Beyond Borders By Prajila -Nobel Economics Laureates Unravel the Engine of Modern Growth

New Delhi |Oct 15, 2025 | BeyondborBersbyJwala

The 2025 Sveriges Riksbank Prize in Economic Sciences in Memory of Alfred Nobel, popularly known as the Nobel Prize in Economics, has been awarded to Joel Mokyr, Philippe Aghion, and Peter Howitt for their groundbreaking work in explaining how innovation drives sustained economic growth. The Royal Swedish Academy of Sciences announced that Mokyr would receive one half of the prestigious award, with Aghion and Howitt sharing the other half for their complementary contributions.

Their collective research addresses a fundamental question: What transformed centuries of economic stagnation into the unprecedented, sustained growth witnessed over the last two centuries? The laureates, through historical analysis and mathematical modeling, provide critical insights into how societies can foster innovation for future prosperity.

Mokyr: The Bedrock of "Useful Knowledge"

Professor Joel Mokyr, born in the Netherlands in 1946 and currently a professor at Northwestern University, was recognized "for having identified the prerequisites for sustained growth through technological progress." His extensive research in economic history posits that a continuous flow of "useful knowledge" is essential.

Mokyr categorizes this knowledge into two parts:

Propositional knowledge: Understanding why something works (e.g., theories about the natural world).

Prescriptive knowledge: Practical instructions or methods describing how to make something work (e.g., instruction manuals).

He argues that before the Industrial Revolution, innovators often had strong propositional knowledge but lacked a robust foundation of prescriptive knowledge, making it difficult to build upon existing discoveries. This changed dramatically in the 16th and 17th centuries with the rise of precise measurement, controlled experiments, and an emphasis on reproducible results. This improved feedback loop between propositional and prescriptive knowledge, as seen in the continuous refinement of the steam engine or advances in steel production, was crucial for accelerating innovation.

Policy Implications from Mokyr's Work: Mokyr’s research offers clear policy directions:

Investment in Skilling: Brilliant ideas remain dormant without the practical, technical, and commercial knowledge to bring them to fruition. He highlights Britain's early success due to its abundance of skilled artisans and engineers. This implies that governments must heavily invest in education and vocational training for sustained growth.
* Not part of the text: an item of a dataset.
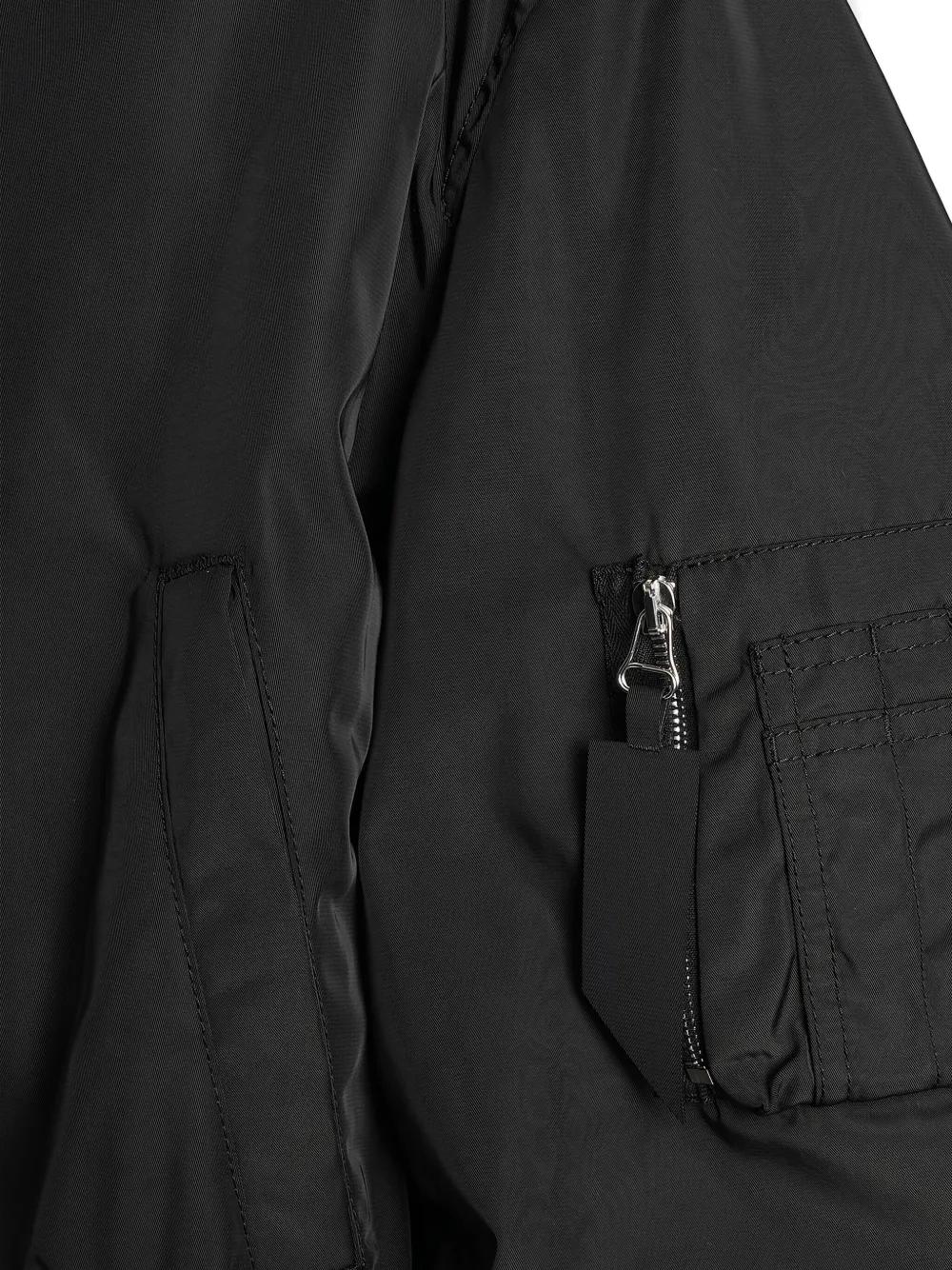 black bomber collar long sleeves zip closure zip pocket on sleeve ribbed cuffs ribbed hem

Openness to Change: Innovation inevitably creates "creative destruction" – new technologies replace old ones, leading to both winners and losers. Societies must be open to this change, overcoming resistance from established interest groups to allow progress to flourish.

Aghion & Howitt: Modeling "Creative Destruction"

Philippe Aghion (born 1956, France, professor at Collège de France, INSEAD, and LSE) and Peter Howitt (born 1946, Canada, professor at Brown University) jointly received their half of the prize "for the theory of sustained growth through creative destruction." They developed a mathematical model to quantitatively explain how technological advancement, driven by this process, leads to sustained economic growth.

Their model outlines a dynamic where companies invest in R&D to create patented, monopolistic products. However, this monopoly is temporary; another company’s R&D can yield a superior product, displacing the incumbent and capturing market profits. This continuous cycle of innovation and displacement is the essence of "creative destruction."

Subsidizing R&D: A Balancing Act: Aghion and Howitt’s model allows for the analysis of optimal R&D investment in a free market. They identified two opposing forces regarding R&D subsidies:

Under-investment Risk: When a new innovation replaces an old one, the societal benefits of the older technology (e.g., its underlying knowledge) often persist even if its creators no longer profit. This "spillover" effect suggests that private companies might under-invest in R&D from a societal perspective, implying a need for subsidies to encourage innovation.

Over-investment Risk: Conversely, a new "top-tier" innovation might offer only incremental improvements over existing technology. While the innovating company reaps significant profits, the societal gain from this marginal improvement might be limited. In such cases, R&D investment could be "too high" from a societal viewpoint, suggesting that subsidies might not always be optimal.

The ideal level of R&D investment will vary, but Aghion and Howitt's theoretical framework provides invaluable tools for policymakers to understand these complex dynamics and design effective measures to achieve optimal, sustained growth.

The work of all three laureates offers profound insights into the historical drivers of prosperity and provides a roadmap for fostering innovation in an ever-evolving global economy.